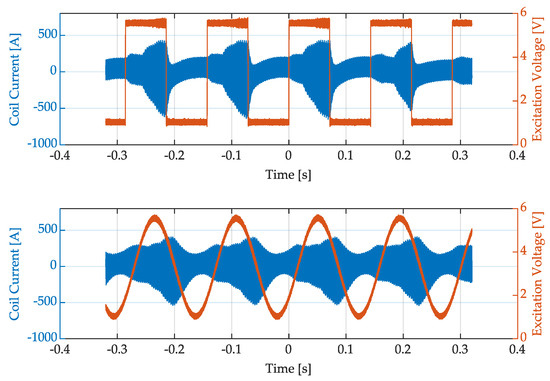 In comparing the excitation voltage of the function generator to the resulting coil current, it is evident that the system of the induction generator and the resonant circuit system exhibits a sluggish response at the chosen pulse frequencies of between 7 and 14 Hz, preventing it from reproducing the input signal even remotely. The damping present in the oscillating circuit of the induction generator, coupled with its internal circuit topology, causes the current measured in the induction coil to lag behind the input signal. This behavior is observed for both the rectangular and sinusoidal excitation voltages, as depicted in Figure 3 for a frequency of 7 Hz.
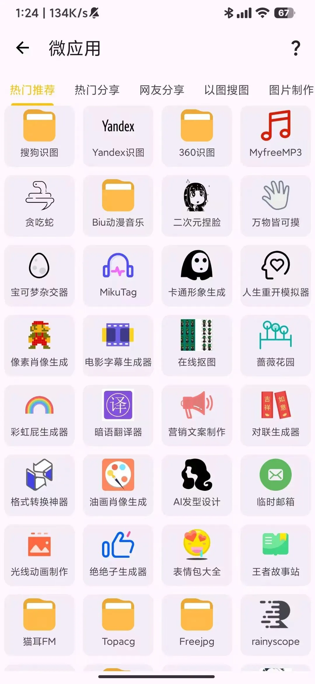 另外还有数百种黑科技微应用,比如识图、设计、学习工具、游戏娱乐、各种生成器、网站等想到的想不到的都给你提供出来了,所有的功能均是免费使用!
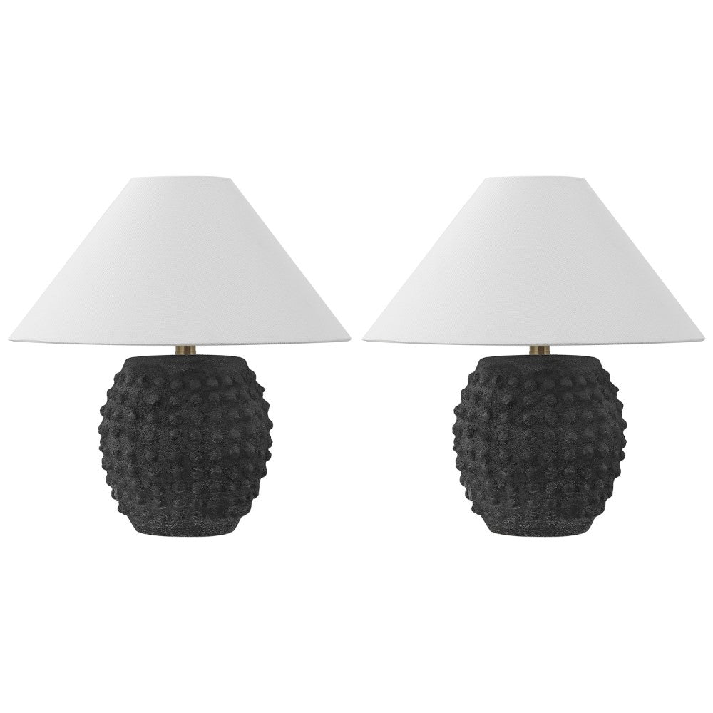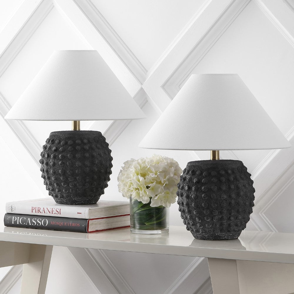 Willow 18.25" Minimalist Scandinavian Ceramic/Iron Hobnail LED Table Lamp Set 2
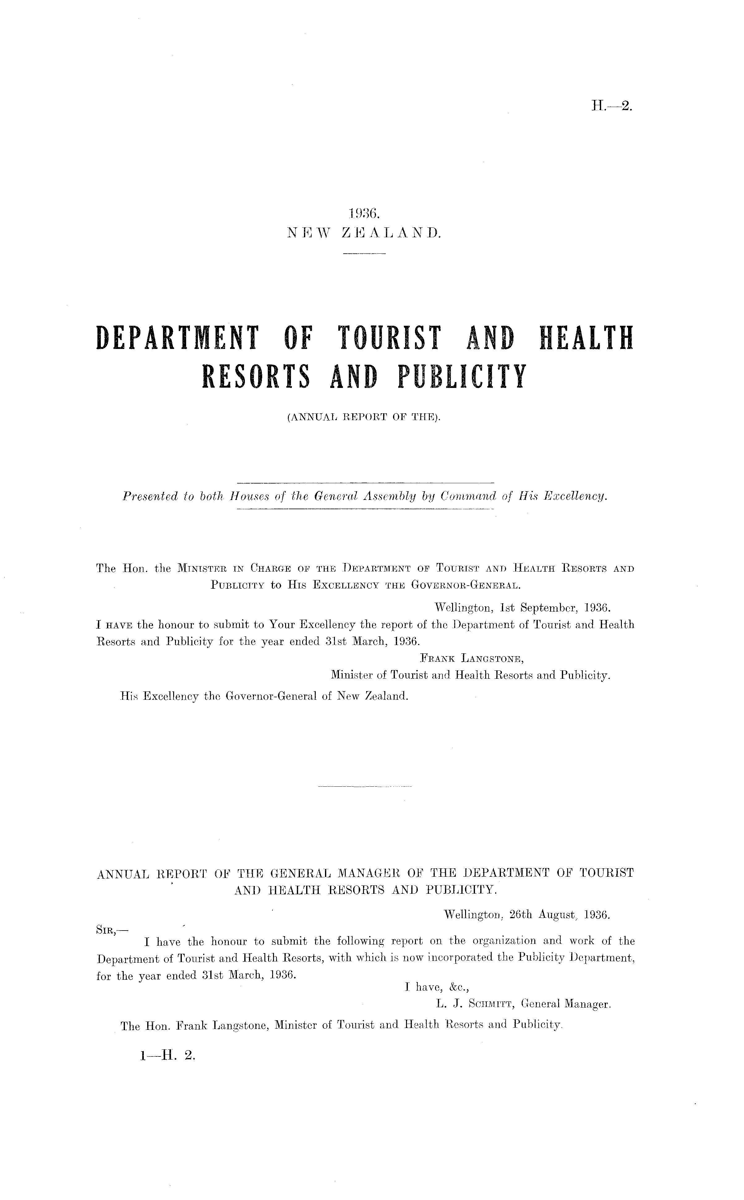 ANNUAL REPORT OF THE GENERAL MANAGER OF THE DEPARTMENT OF TOURIST AND HEALTH RESORTS AND PUBLICITY. Wellington, 26th August, 1936. Sir, —- I have the honour to submit the following report on the organization and work of the Department of Tourist and Health Resorts, with which is now incorporated the Publicity Department, for the year ended 31st March, 1936. I have, &c., L. J. Schmitt, General Manager. The Hon. Frank Langstone, Minister of Tourist and Health Resorts and Publicity. I—H. 2,

# The task
Exactly the lines from the one that contains "Table Lamp Set 2" to the last line of the data, both included, should be set down, and no pictures should appear among them.

# Response area
 Willow 18.25" Minimalist Scandinavian Ceramic/Iron Hobnail LED Table Lamp Set 2
 ANNUAL REPORT OF THE GENERAL MANAGER OF THE DEPARTMENT OF TOURIST AND HEALTH RESORTS AND PUBLICITY. Wellington, 26th August, 1936. Sir, —- I have the honour to submit the following report on the organization and work of the Department of Tourist and Health Resorts, with which is now incorporated the Publicity Department, for the year ended 31st March, 1936. I have, &c., L. J. Schmitt, General Manager. The Hon. Frank Langstone, Minister of Tourist and Health Resorts and Publicity. I—H. 2,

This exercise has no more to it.